Der Wahltag in der grünen Hochburg Wien-Neubau
Von Martin Bernert
Sonntag, kurz vor 12 Uhr, Amtshaus Hermanngasse: Eine betagte Frau ist beim Verlassen des Wahllokals über die Treppe gestürzt und hat sich eine Platzwunde am Kopf zugezogen. Mehrere Wähler und Wahlhelfer sind zur Stelle, verbinden die Wunde der Pensionistin und warten mit ihr auf die Rettung.
Im Wahllokal selbst wirkt der Andrang größer als bei den vergangenen Urnengängen. Die Schlange reicht bis in den Vorraum, die Wähler nehmen die knapp fünfminütige Wartezeit geduldig in Kauf. „Üblicherweise flaut es über Mittag etwas ab, heute nicht“, sagt ein Wahlhelfer.
Ein Rundgang durch die grüne Hochburg Neubau – die Grünen stellen hier seit 2001 den Bezirksvorsteher – zeigt die Stimmung im Bezirk: „We're Going to Ibiza“ steht auf der Auslage eines Lokals in der Burggasse; ein Stückchen stadteinwärts hängen im beliebten „Espresso“ Plakate mit Aufrufen zur Donnerstagsdemo.
Von Ibiza bis München
Im kleinen Schanigarten sind alle Tische besetzt; einer der Gäste ist Andrija Arapovic. Er ist Kroate und lebt in Wien und München. Die vergangene Woche war er in Bayern, die Ibiza-Affäre war auch dort ein bestimmendes Thema. Ob sich die Affäre auf das Wahlergebnis auswirkt? „Ich hoffe es, habe aber meine Zweifel.“
Judth Bauer stärkt sich in einem Gastgarten am Siebensternplatz mit einem Kaffee, ehe sie wählen geht. "Ich glaube, dass es für Österreich mehr als eine normale Europawahl ist." Sie wünscht sich eine hohe Wahlbeteiligung: "Ibiza wirkt sich hoffentlich aus."
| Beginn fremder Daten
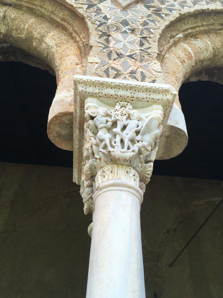 More interesting column tops! This time in the cloister walkway, giving the passerby something to ponder. This one actually has a small model of the whole church and is like a donation plaque.
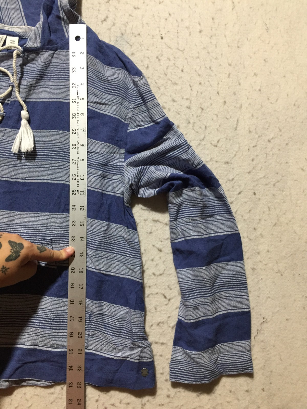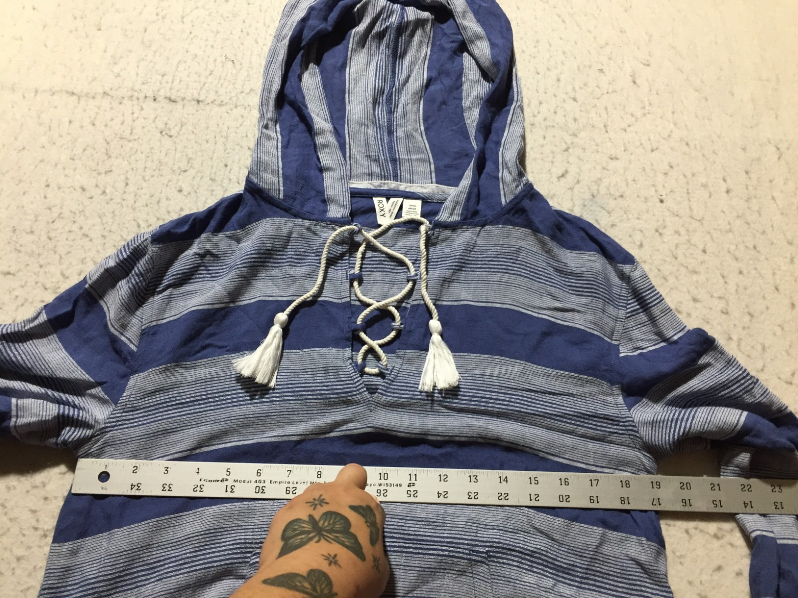 This Roxy women’s hoodie sweatshirt in size Small features a blue and white striped design with front pockets and a lace-up rope V-neck style. It has been taken care of and is in good condition; check the listing photos for exact measurements and additional condition details. This item ships with free shipping, making it a convenient option for everyday casual wear or layering. Check the listing for details.
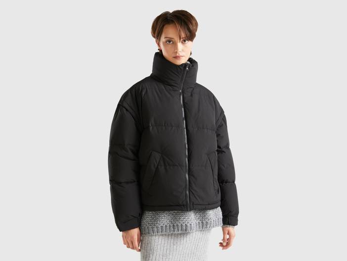 Benetton, Kurze Daunenjacke Mit Abnehmbaren Ärmeln, größe L, Schwarz, female
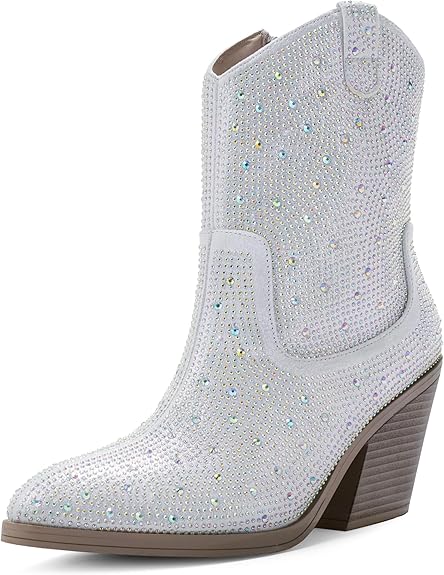Modatope Rhinestone Cowboy Boots for Women Sparkly Cowgirl Ankle Boots Chunky Heel Side Zipper Womens Boots
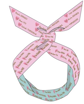 さわやかなピンクとミントグリーンをベースに選手全員の名前と背番号を入れました。選手の名前入りカチューシャを巻いて、熱く応援しましょう!
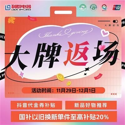 错过了“双11”,可别再错过这为期三天的“大牌返场”活动啦!为你省钱,利群电器不玩“虚”的!
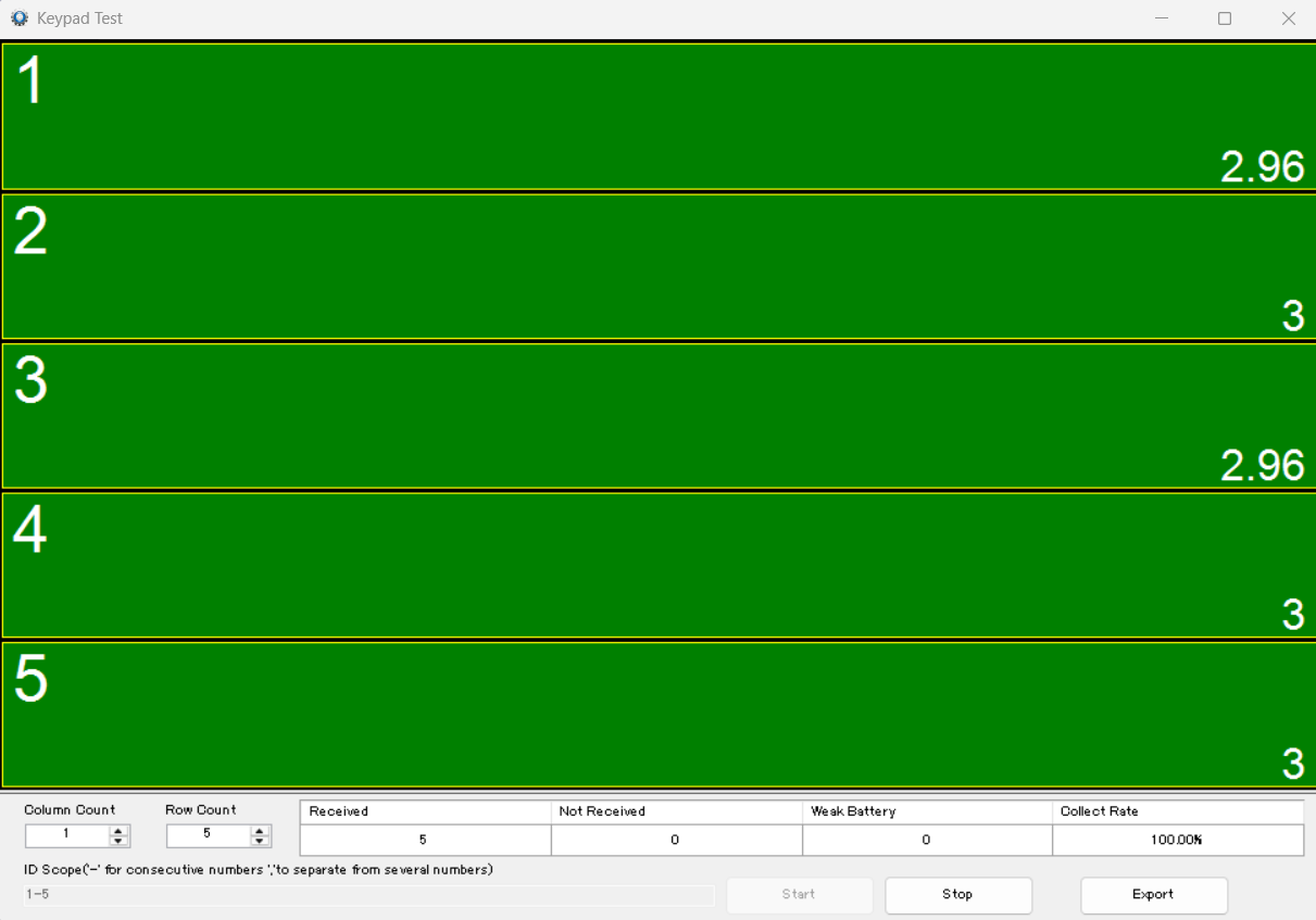 After successfully connecting to your base, navigate to the "Keypad Test" tab on the right side. This will bring up a new, scalable window showing keypad ID numbers on a grid. You may adjust the keypad IDs shown on the grid by adjusting the ID scope in the bottom left, as well as the column count and row count. I have adjusted my grid to test keypads 1 through 5 by making the ID scope 1 through five, the column count 1, and the row count 5. Now that my grid is set up, I will press the start button to start pressing the keypads. Now, after pressing any button on the keypad to wake them up, they are illuminated green on the grid, and the keypads display an "OK" as well as a "T" on 5 button models. Green means that the keypads are working successfully while a red indicator shows keypads with weak batteries. My successful test window can be seen below.
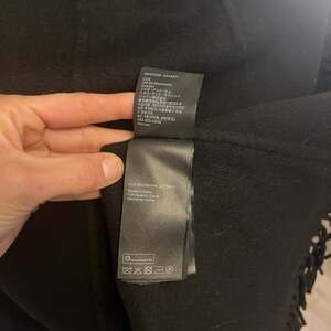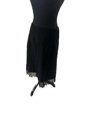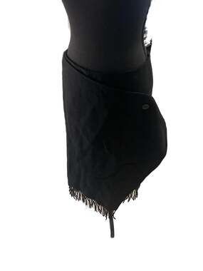 COS Black Asymmetrical Wrap Skirt with Fringe Trim, Size M. This minimalist piece features a unique wrap-around design with a button closure and an elegant fringe hemline. Crafted with a premium wool-blend feel, it offers a clean, architectural silhouette typical of COS styling. Perfect for professional or contemporary evening wear. Excellent pre-owned condition with no visible flaws or pilling. EUR size 36

Anna T. denkt, dass sich das Ergebnis der heutigen Wahl unmittelbar und kurzfristig auf die heimische Politik auswirkt, nämlich auf den Misstrauensantrag am Montag: "Die Parteien könnten mit dem Wahlergebnis ihren Kurs rechtfertigen."
Innenpolitische Wahl
Gianni De Pellegrin war schon vor zehn Uhr wählen, jetzt steht er in seinem Eissalon in der Westbahnstraße und füllt Gefrorenes in Waffeltüten. "Bei dieser Wahl geht es mehr um Innenpolitik, das liegt auf der Hand", sagt er.
Dass sich die Ibiza-Affäre auf das Wahlergebnis auswirkt, glaubt er schon, "bei der Wahlbeteiligung bin ich mir nicht sicher".
Wie De Pellegrin ist auch Michael Rieper italienischer Staatsbürger. "Ich lebe seit 30 Jahren in Wien, habe aber bisher immer in Italien abgestimmt."
Heuer hat er sich anders entschieden, "weil die österreichischen Repräsentanten diesmal mehr Auswahl und Hoffnung bieten, als die italienischen". Rieper erwartet einen "Stimmentransfer von der FPÖ zu SPÖ und ÖVP".
"Einnert an Präsidentenwahl"
Der grüne Bezirksvorsteher Markus Reiter ortet im Bezirk eine eindeutige Stimmung: "Das erinnert mich an die Bundespräsidentenwahl 2016, als Alexander Van der Bellen in Neubau 80 Prozent der Stimmen und Norbert Hofer 20 Prozent bekam."
Die überwiegende Mehrheit wolle keinen Rechtsruck, es gebe eine hohe Bereitschaft, wählen zu gehen, sagt Reiter. "Dazu sehe den Wunsch der jungen Wähler, ein klares Zeichen gegen die Klimakrise zu setzen."